**Your assignment**: Each line containing the word "Pichualco" must be copied from the material below.
═════ Dataset records
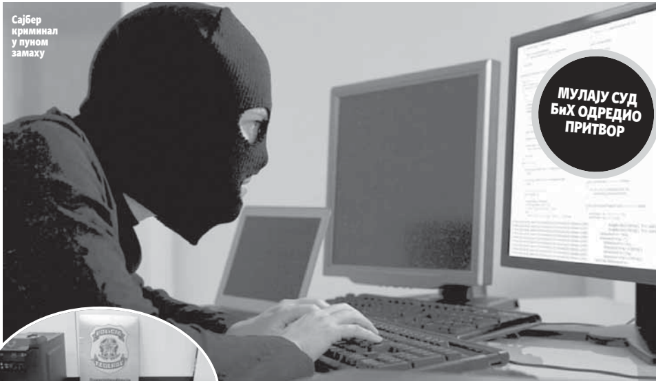
Сајбер криминал у пуном замаку
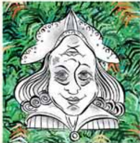
1. פִּאֲרָץ אַחַת, שְׂמֵה תַרְתִּי דִּסְתַבְרִי, הִיחַ טַעֲשָׁה לֹא כְנִיל לְנַמְרִי, אִיפְכָא הַקֶּלֶן, אִזּוּ יַחֲדוּ מְלֻכְתּוֹ.
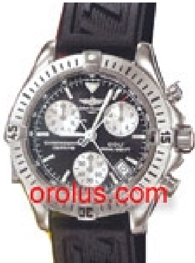
Typ: Chronograph Hersteller: Breitling Modell: Colt Material: Edelstahl Serien-Nr. A73350 Individualnr. 750320
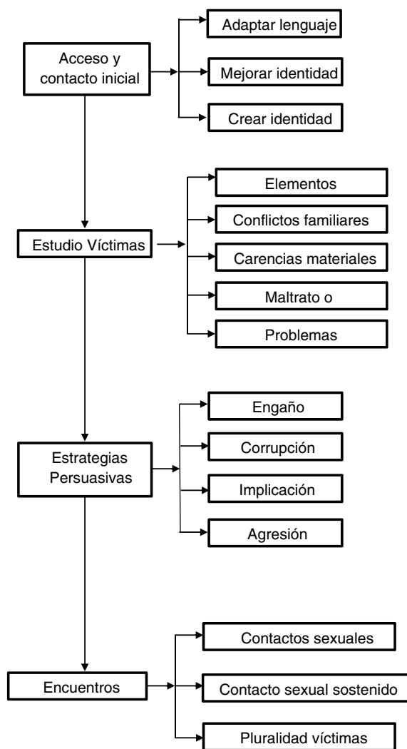
Figura 1. Procesos de persuasión en grooming online .

texto los segmentos pertenecientes a las mismas, y mediante la triangulación por grupo de expertos.
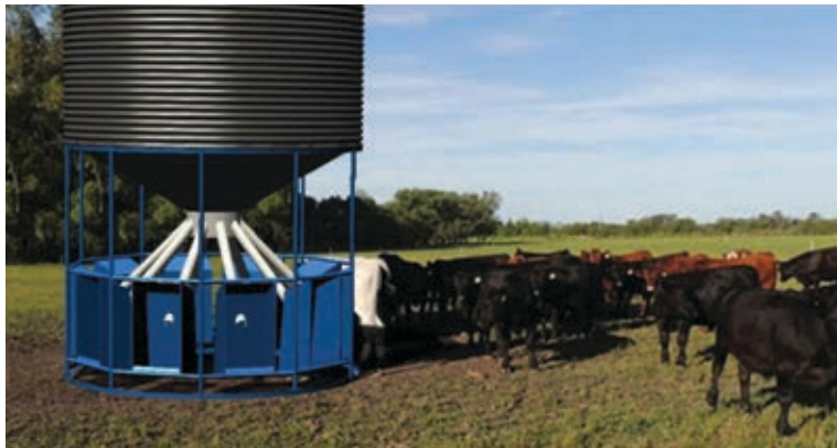
Imagen 2. Comedores de dosificación variable de alimento.
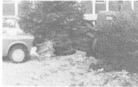
Takšen prizor preje prispeva k pridobitvi osata kot blagajane!

Če je Medobčinski sklad za izobraževanje delavcev na področju samostojnega osebnega dela Ljubljana Miklošičeva 26 doslej le vračal stroške obiskovanja tečajev, seminarjev in sol, bo odsej prešel še med organizatorje dopolnilnega izobraževanja delavcev pri obrtnikih. S tako obliko izpopolnjevanja znanj je pričel poskusno že spomladi za delavce v gostinskih lokalih v sodelovanju
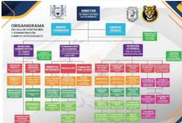
Ilustración 28.- Organigrama Campus VII Pichualco (Estructura Organizacional).

La estructura organizacional de la Escuela de Contaduría y Administración, Campus VII Pichualco, se sustenta en un modelo departamental especializado, concebido para respaldar de manera integral las funciones sustantivas de la institución. Esta configuración garantiza el fortalecimiento de las actividades académicas y administrativas, así como la proyección social y la extensión-vinculación con los distintos sectores de la sociedad.
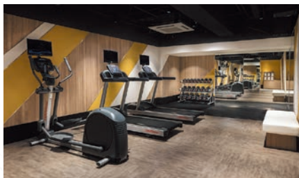
フィットネスセンター | Fitness Center
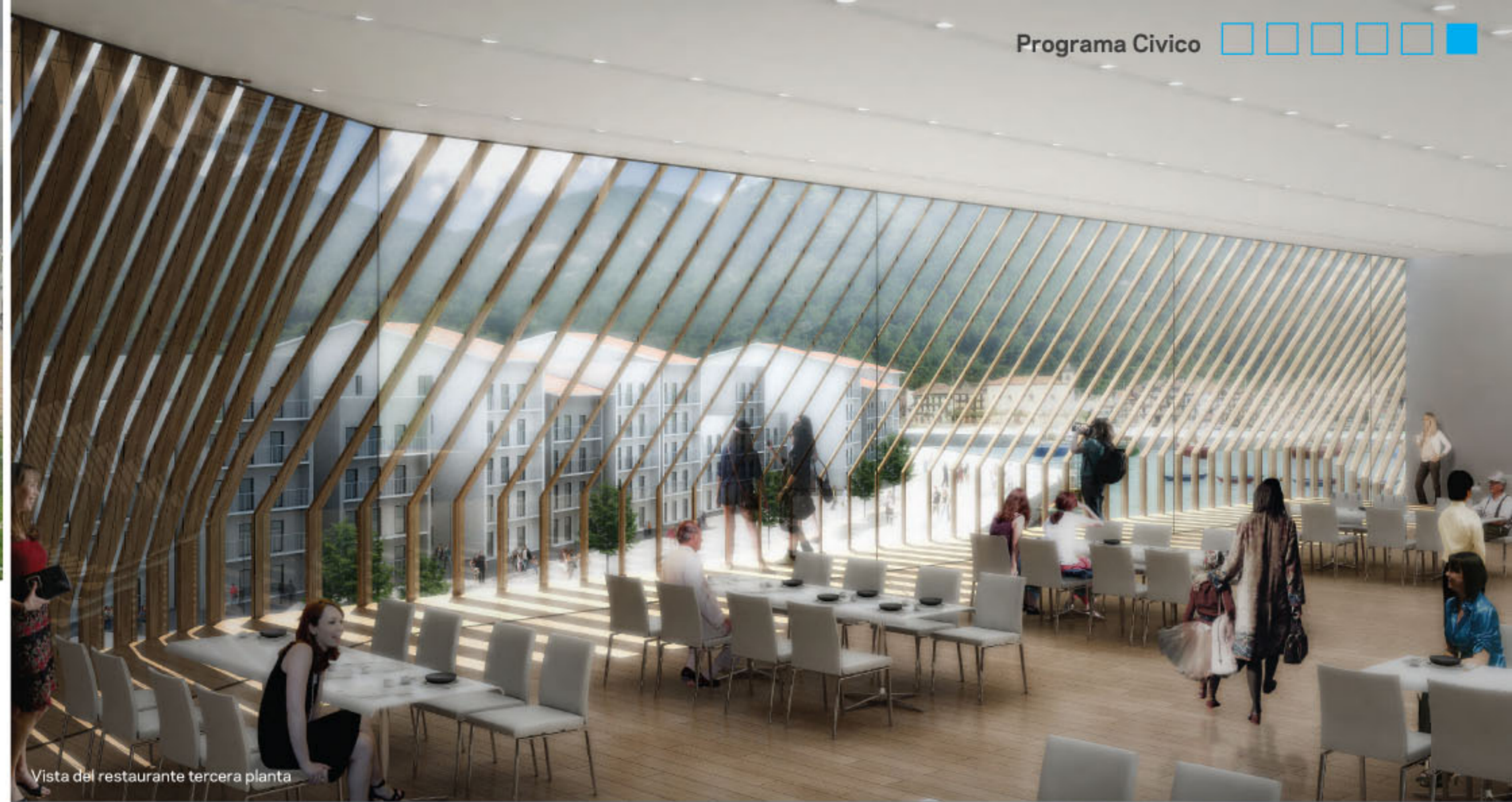
Vista del restaurante tercera planta
══════════
**Written reply**:
Ilustración 28.- Organigrama Campus VII Pichualco (Estructura Organizacional).
La estructura organizacional de la Escuela de Contaduría y Administración, Campus VII Pichualco, se sustenta en un modelo departamental especializado, concebido para respaldar de manera integral las funciones sustantivas de la institución. Esta configuración garantiza el fortalecimiento de las actividades académicas y administrativas, así como la proyección social y la extensión-vinculación con los distintos sectores de la sociedad.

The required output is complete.